The Oslo-Bergen-Tagger is a GPL licensed Norwegian text tagger. This is an interface for accessing it with Clojure.
clj-obt supports Linux only, and you must acquire the tagger from http://tekstlab.uio.no/obt-ny/ or clone it here on GitHub: https://github.com/noklesta/The-Oslo-Bergen-Tagger
Simply add the library with Leiningen: [clj-obt "0.5.1"]
and require clj-obt.core
Before tagging any text, you must set the path to the Oslo-Bergen-Tagger by calling:
(set-obt-path! "path/to/obt")
Or you can supply it when using the tagger function:
(obt-tag "tag this" "path/to/obt")
You only need to set the path once per session.
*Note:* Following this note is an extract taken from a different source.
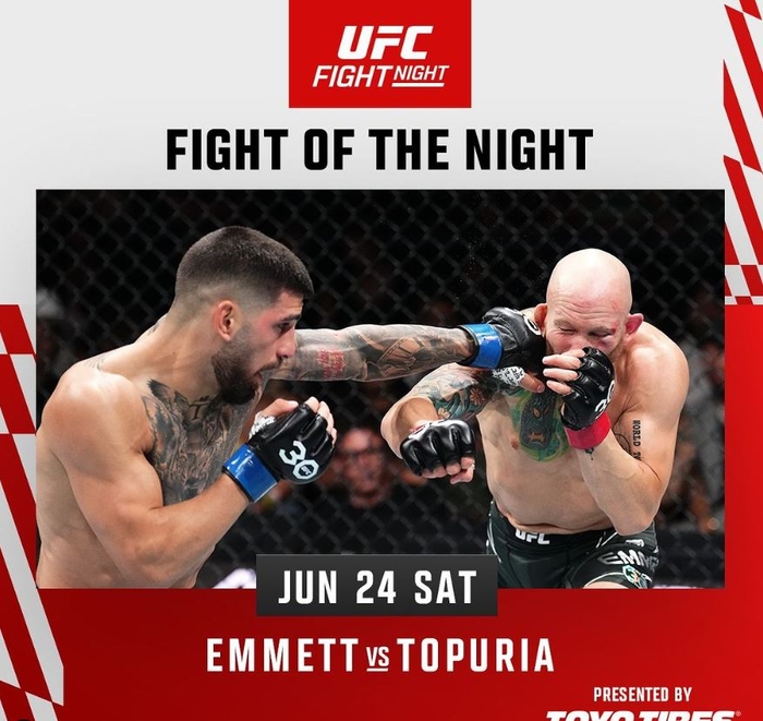 일리아 토푸리아와 조쉬 에멧은 25일(한국시간) 미국 플로리다주 잭슨빌 비스타 베테랑스 메모리얼 아레나에서 열린 ‘UFC 파이트 나이트: 에멧 vs 토푸리아’ 메인 이벤트 페더급 경기로 격돌했다.

Currently, only disambiguated bokmål is supported.
The resulting output from the tagger is parsed to simple maps. There are helper functions in clj-obt.tools
to manipulate and filter the tagged words.
There is a startup cost in calling the tagger. If you call obt-tag
on a number of texts sequentially, there might be a about a seconds worth of overhead for each invocation. This is due to the startup time of OBT. We can get around this by giving obt-tag
all the texts in a vector like this:
(obt-tag ["many" "texts" "to" "be" "tagged"])
The tagger function will then concatenate all the texts, tag them in one OBT invocation, split them up again, and return them to you - separately in a vector. Doing this, we save about n-1 of OBT startup time cost.
Copyright (C) 2011-2012 Aleksander Skjæveland Larsen
Distributed under the Eclipse Public License, the same as Clojure.